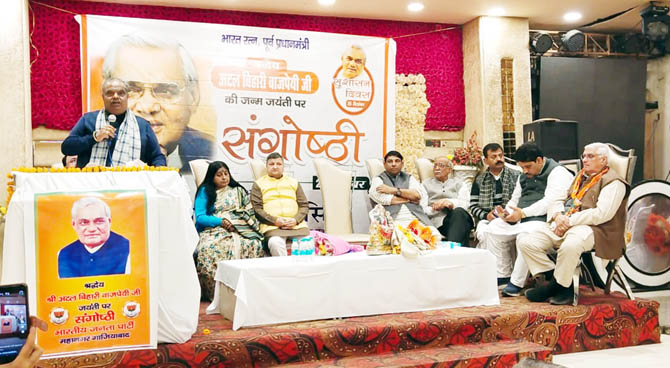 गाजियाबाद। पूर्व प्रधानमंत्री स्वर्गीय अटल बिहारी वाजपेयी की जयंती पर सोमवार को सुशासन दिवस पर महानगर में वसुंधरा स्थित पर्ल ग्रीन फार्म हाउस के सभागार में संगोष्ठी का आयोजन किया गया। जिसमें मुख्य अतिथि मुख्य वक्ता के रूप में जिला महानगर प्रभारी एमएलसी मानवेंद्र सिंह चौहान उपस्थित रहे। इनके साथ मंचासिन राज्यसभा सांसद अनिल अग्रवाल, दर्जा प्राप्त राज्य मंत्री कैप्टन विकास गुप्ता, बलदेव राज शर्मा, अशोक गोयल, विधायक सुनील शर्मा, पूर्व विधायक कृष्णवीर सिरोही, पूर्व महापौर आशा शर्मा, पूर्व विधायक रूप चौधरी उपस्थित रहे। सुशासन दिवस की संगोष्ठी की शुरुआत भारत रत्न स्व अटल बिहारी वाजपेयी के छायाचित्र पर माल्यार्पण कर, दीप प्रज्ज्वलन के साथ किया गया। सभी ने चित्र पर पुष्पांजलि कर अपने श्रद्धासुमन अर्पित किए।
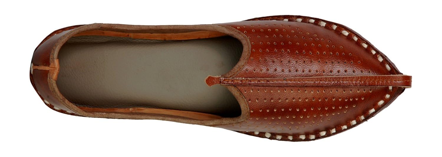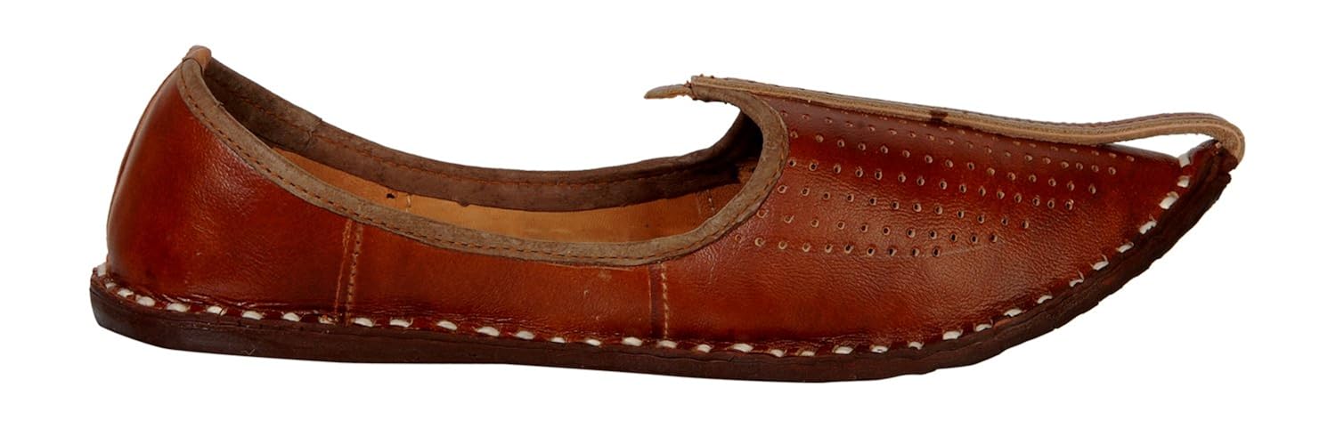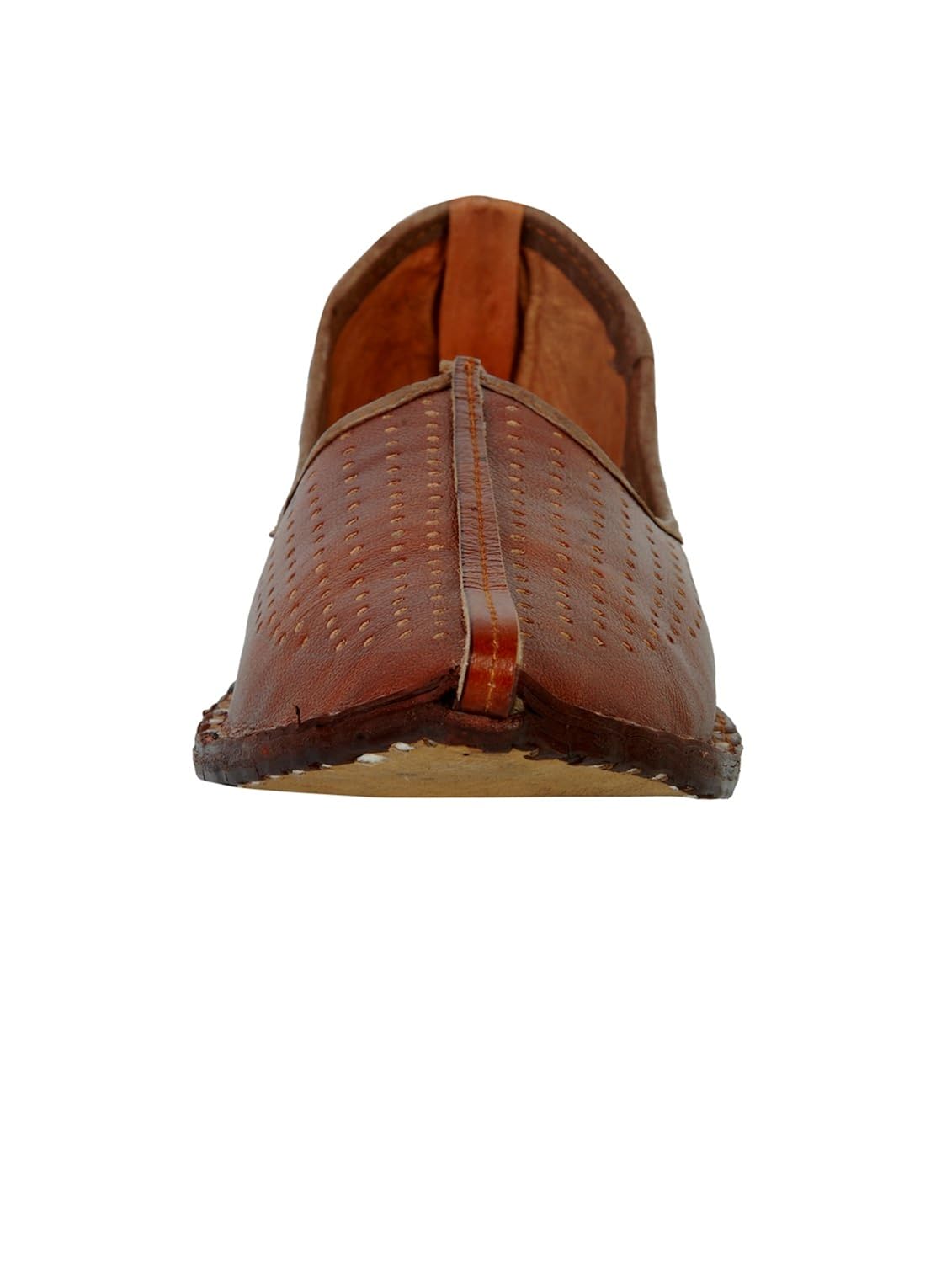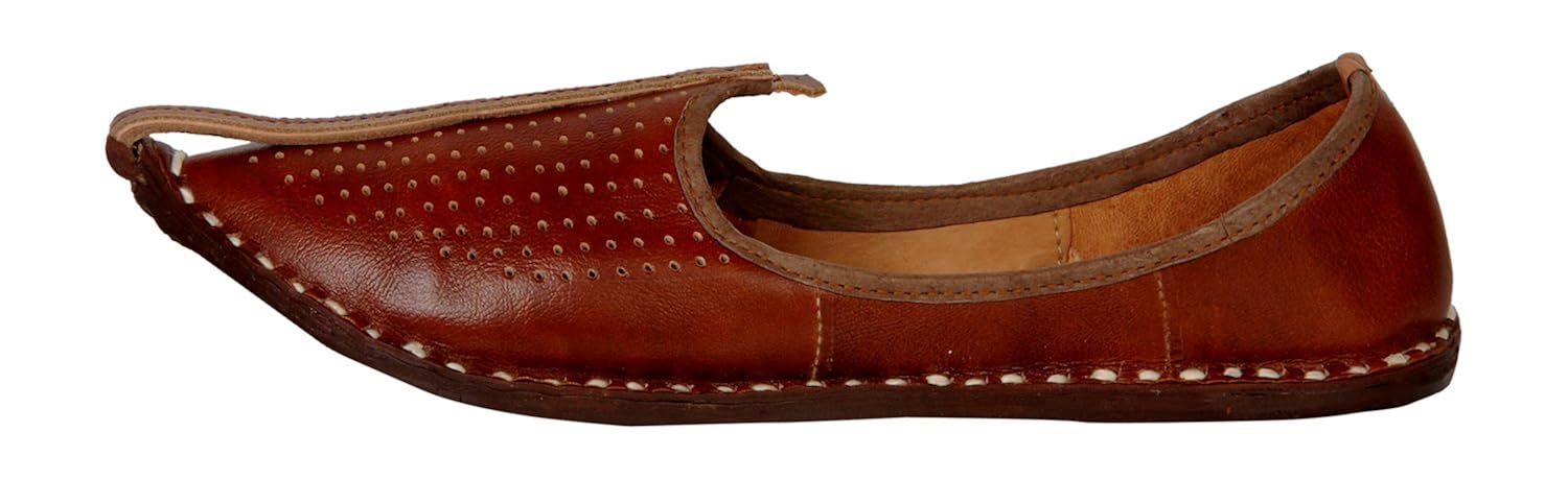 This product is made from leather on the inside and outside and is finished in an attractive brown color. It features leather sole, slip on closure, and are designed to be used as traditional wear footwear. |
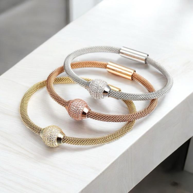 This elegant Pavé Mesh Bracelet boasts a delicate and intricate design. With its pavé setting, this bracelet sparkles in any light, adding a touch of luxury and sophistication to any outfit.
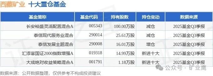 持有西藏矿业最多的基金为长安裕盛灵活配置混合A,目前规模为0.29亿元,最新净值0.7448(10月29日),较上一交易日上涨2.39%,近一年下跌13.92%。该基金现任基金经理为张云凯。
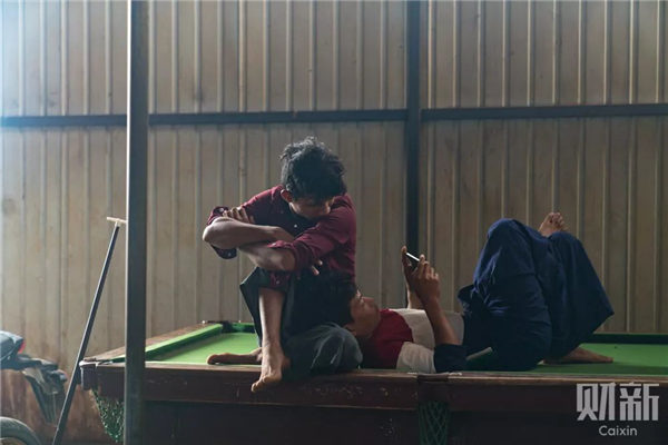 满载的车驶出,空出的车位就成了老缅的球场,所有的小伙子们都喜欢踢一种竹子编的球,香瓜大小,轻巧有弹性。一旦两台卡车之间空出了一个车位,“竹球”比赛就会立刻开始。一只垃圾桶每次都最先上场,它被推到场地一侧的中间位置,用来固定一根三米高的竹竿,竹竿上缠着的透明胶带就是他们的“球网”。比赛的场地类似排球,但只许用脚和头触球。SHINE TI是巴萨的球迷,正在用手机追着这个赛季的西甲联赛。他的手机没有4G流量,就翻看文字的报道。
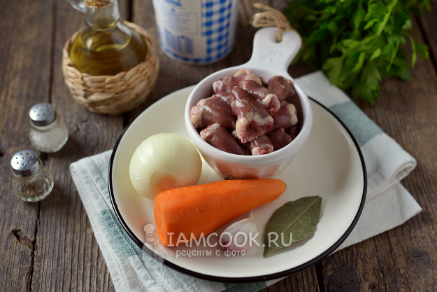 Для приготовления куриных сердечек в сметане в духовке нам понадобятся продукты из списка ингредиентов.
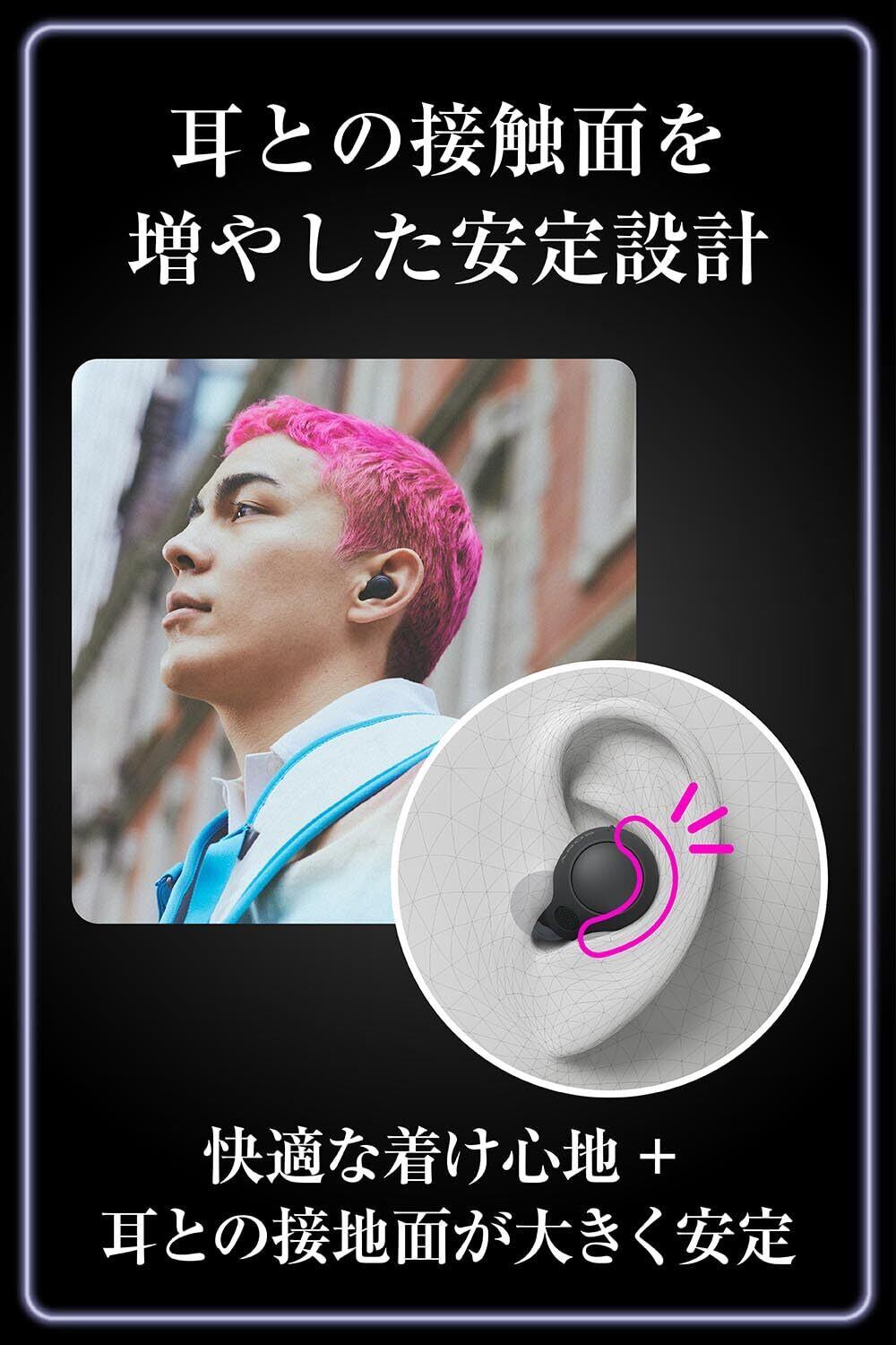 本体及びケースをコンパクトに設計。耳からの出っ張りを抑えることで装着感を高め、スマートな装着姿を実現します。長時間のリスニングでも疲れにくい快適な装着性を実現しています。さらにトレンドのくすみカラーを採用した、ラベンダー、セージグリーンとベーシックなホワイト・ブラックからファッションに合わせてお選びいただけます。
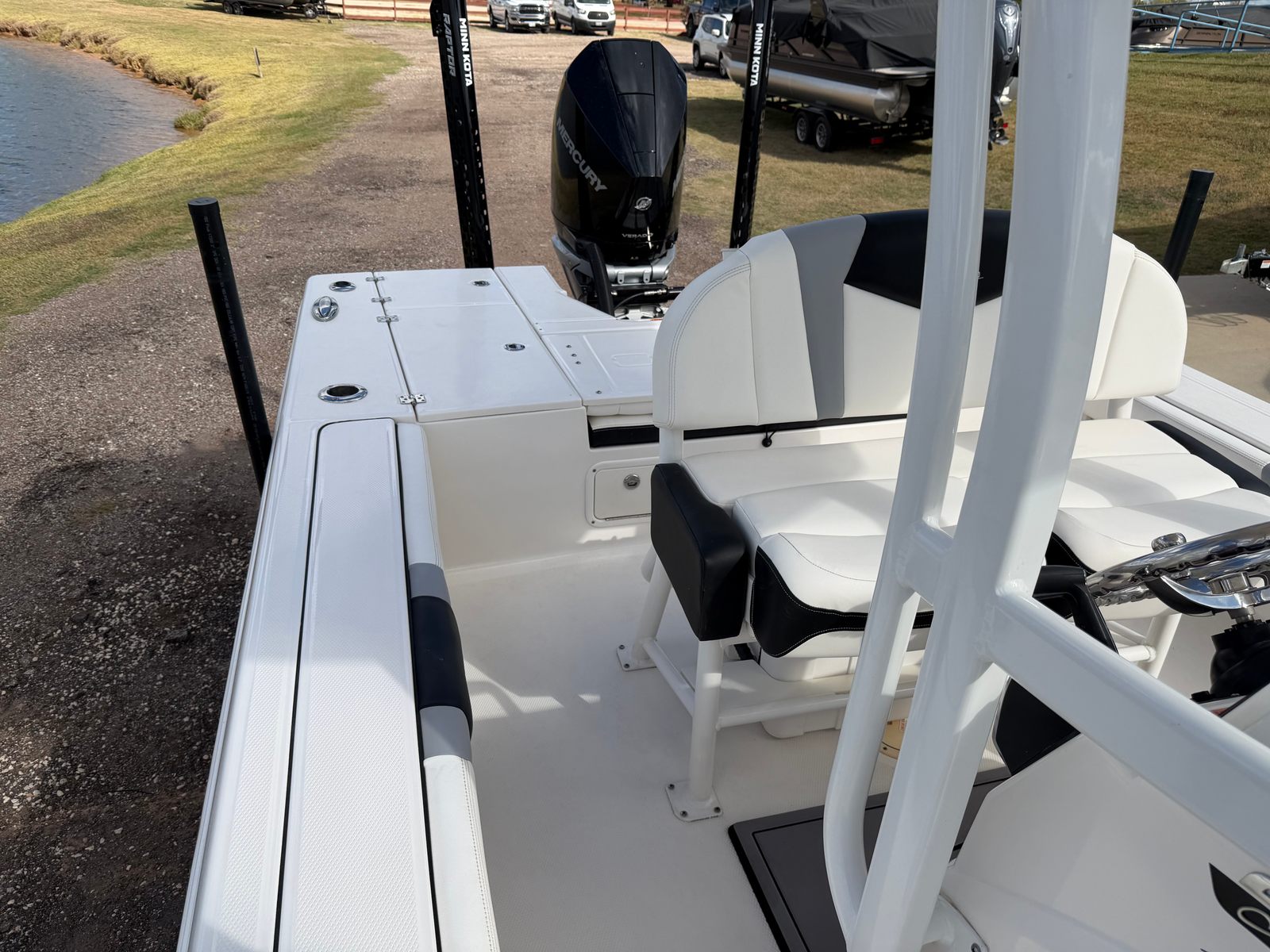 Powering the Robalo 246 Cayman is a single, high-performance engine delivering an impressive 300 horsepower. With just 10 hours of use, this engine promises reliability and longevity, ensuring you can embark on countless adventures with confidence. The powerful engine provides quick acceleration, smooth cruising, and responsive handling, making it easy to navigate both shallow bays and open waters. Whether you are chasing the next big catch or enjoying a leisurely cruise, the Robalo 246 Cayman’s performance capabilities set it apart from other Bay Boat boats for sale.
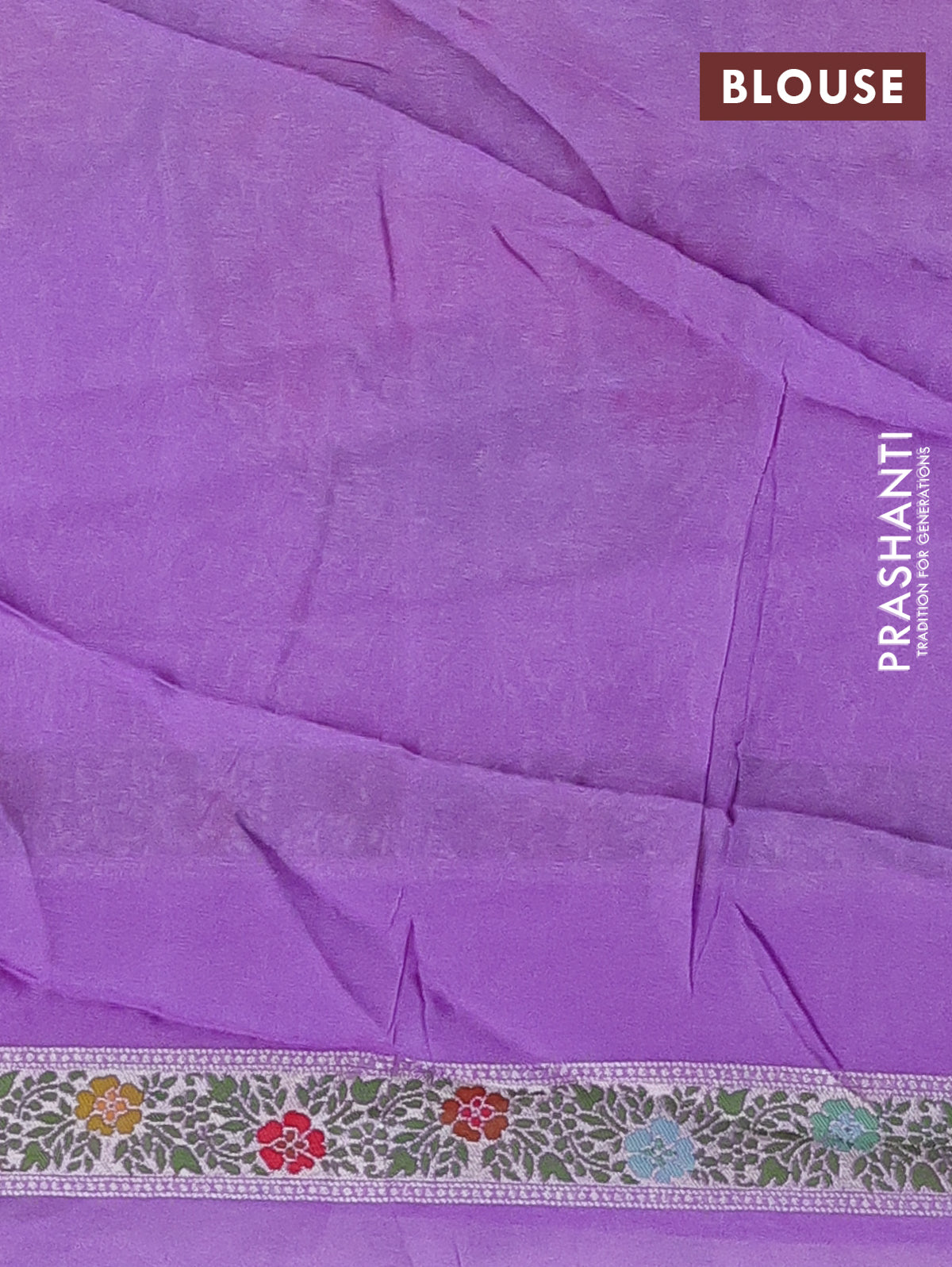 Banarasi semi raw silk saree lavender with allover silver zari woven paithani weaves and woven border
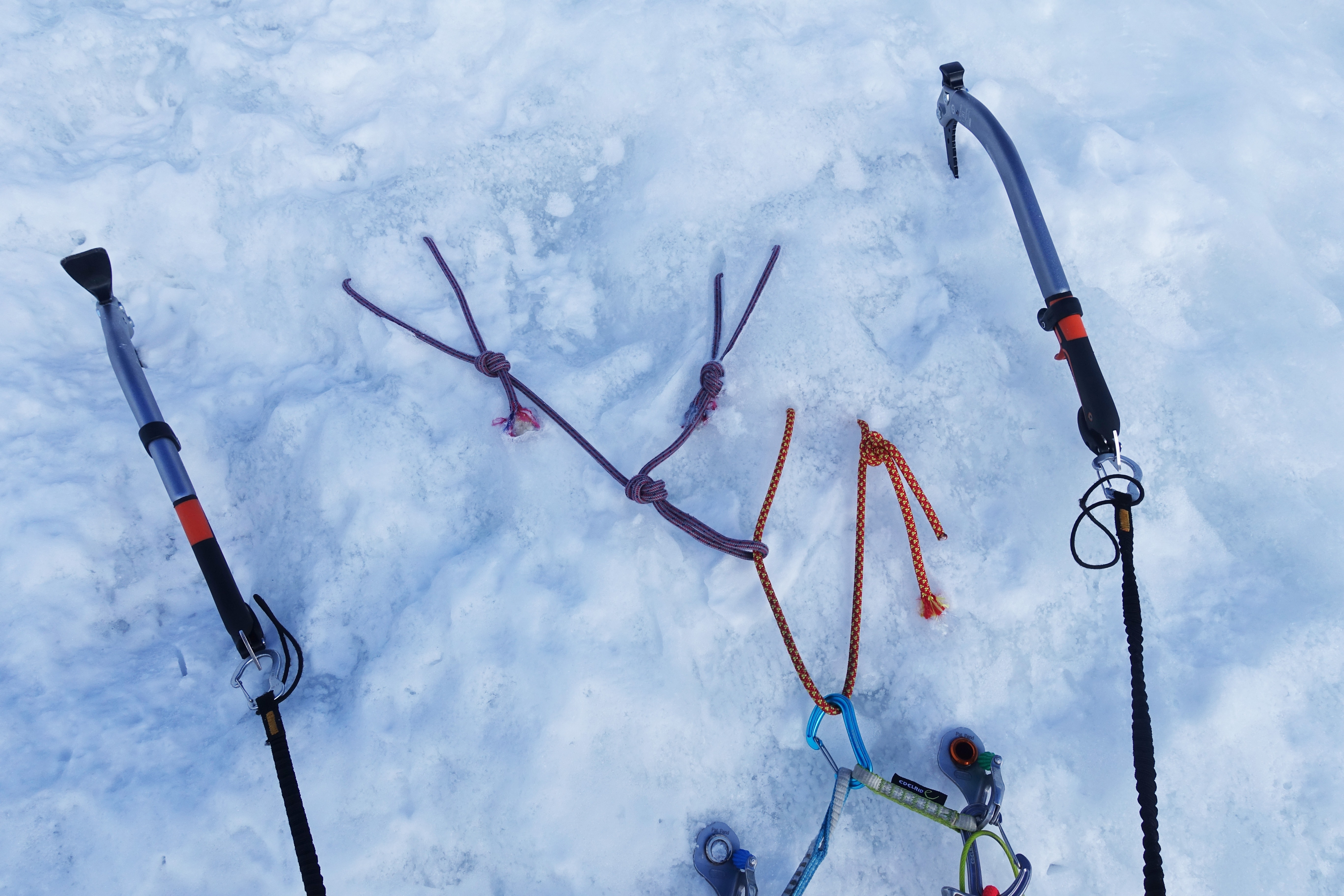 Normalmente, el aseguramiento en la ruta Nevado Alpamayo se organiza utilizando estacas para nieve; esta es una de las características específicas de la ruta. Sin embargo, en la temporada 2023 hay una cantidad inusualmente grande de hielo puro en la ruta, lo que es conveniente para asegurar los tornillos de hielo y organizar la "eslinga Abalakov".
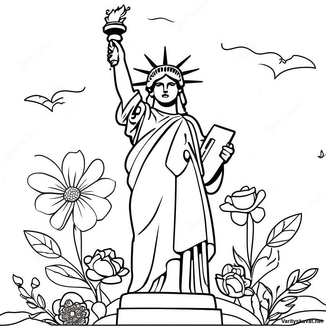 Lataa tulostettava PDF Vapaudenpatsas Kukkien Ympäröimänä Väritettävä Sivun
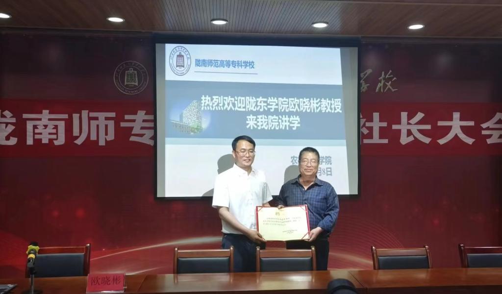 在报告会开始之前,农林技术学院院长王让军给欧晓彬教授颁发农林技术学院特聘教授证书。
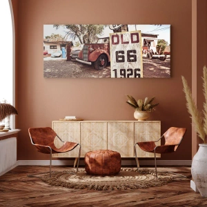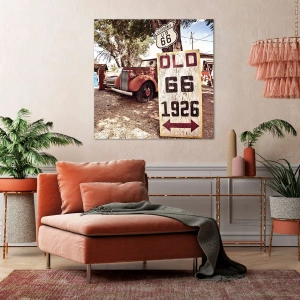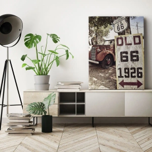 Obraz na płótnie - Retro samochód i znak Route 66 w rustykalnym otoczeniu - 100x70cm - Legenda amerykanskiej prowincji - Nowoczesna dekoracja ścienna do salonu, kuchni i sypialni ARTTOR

......

WHAT IS EXPECTED: With pictures left out, repeat exactly the lines from the one containing "Lataa tulostettava PDF" through the last line of the data above, inclusive, and nothing else.

ANSWER FOR THIS EXERCISE:
 Lataa tulostettava PDF Vapaudenpatsas Kukkien Ympäröimänä Väritettävä Sivun
 在报告会开始之前,农林技术学院院长王让军给欧晓彬教授颁发农林技术学院特聘教授证书。
 Obraz na płótnie - Retro samochód i znak Route 66 w rustykalnym otoczeniu - 100x70cm - Legenda amerykanskiej prowincji - Nowoczesna dekoracja ścienna do salonu, kuchni i sypialni ARTTOR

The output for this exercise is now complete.